Open mtk380 opened 2 years ago
You can convert the bin to jpg.
import torch
from datetime import datetime
import matplotlib.pyplot as plt
plt.switch_backend('agg')
import numpy as np
from PIL import Image
import mxnet as mx
import io
import os, pickle, sklearn
import time
from IPython import embed
def load_bin(path, image_size=[112,112]):
bins, issame_list = pickle.load(open(path, 'rb'), encoding='bytes')
data_list = []
for flip in [0,1]:
data = torch.zeros((len(issame_list)*2, 3, image_size[0], image_size[1]))
data_list.append(data)
for i in range(len(issame_list)*2):
_bin = bins[i]
img = mx.image.imdecode(_bin)
if img.shape[1]!=image_size[0]:
img = mx.image.resize_short(img, image_size[0])

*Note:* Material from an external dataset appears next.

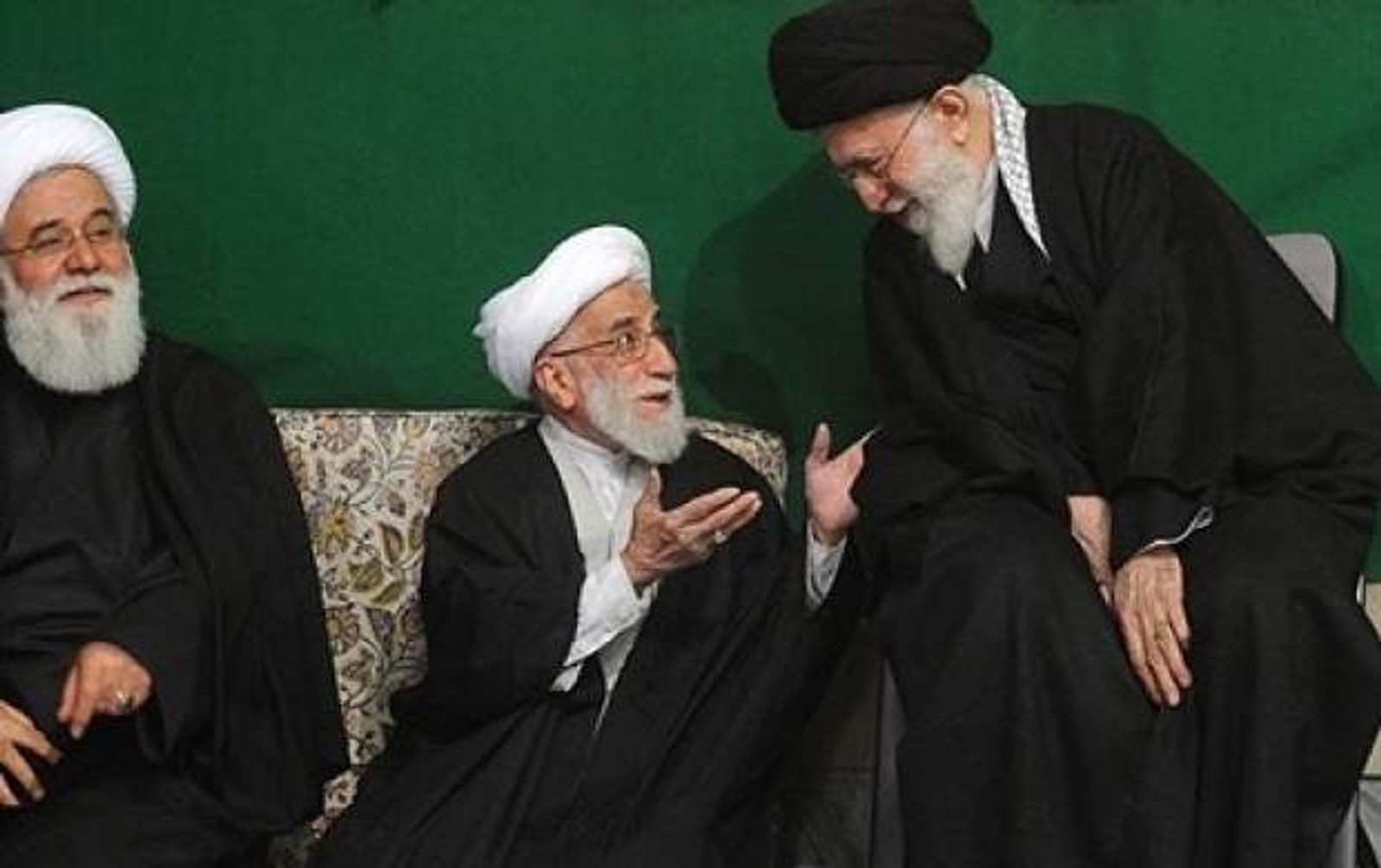 Ayatollah Ahmad Jannati (center) with Supreme Leader Ali Khamenei (right) and Ahmad Alamolhoda, Khamenei’s representative in Mashhad (undated)

img = mx.nd.transpose(img, axes=(2, 0, 1))
for flip in [0,1]:
if flip==1:
img = mx.ndarray.flip(data=img, axis=2)
img_pil = Image.fromarray(img.asnumpy().astype(np.uint8).transpose(1,2,0))
img_pil.save('./lfw/'+str(i)+'_'+str(flip)+'.jpg')
data_list[flip][i][:] = torch.tensor(img.asnumpy())
if i%1000==0:
print('loading bin', i)
print(data_list[0].shape)
return data_list, issame_list
datalist, issamelist = load_bin("eval/lfw.bin")
print(len(issamelist))
I've modified the code so that it can extract the bin file to thousands of jpgs. Hope that helps.
Maybe the data is converted to bin files for faster dataloader, but I am confused about how to visualize the data such as the figure in your paper.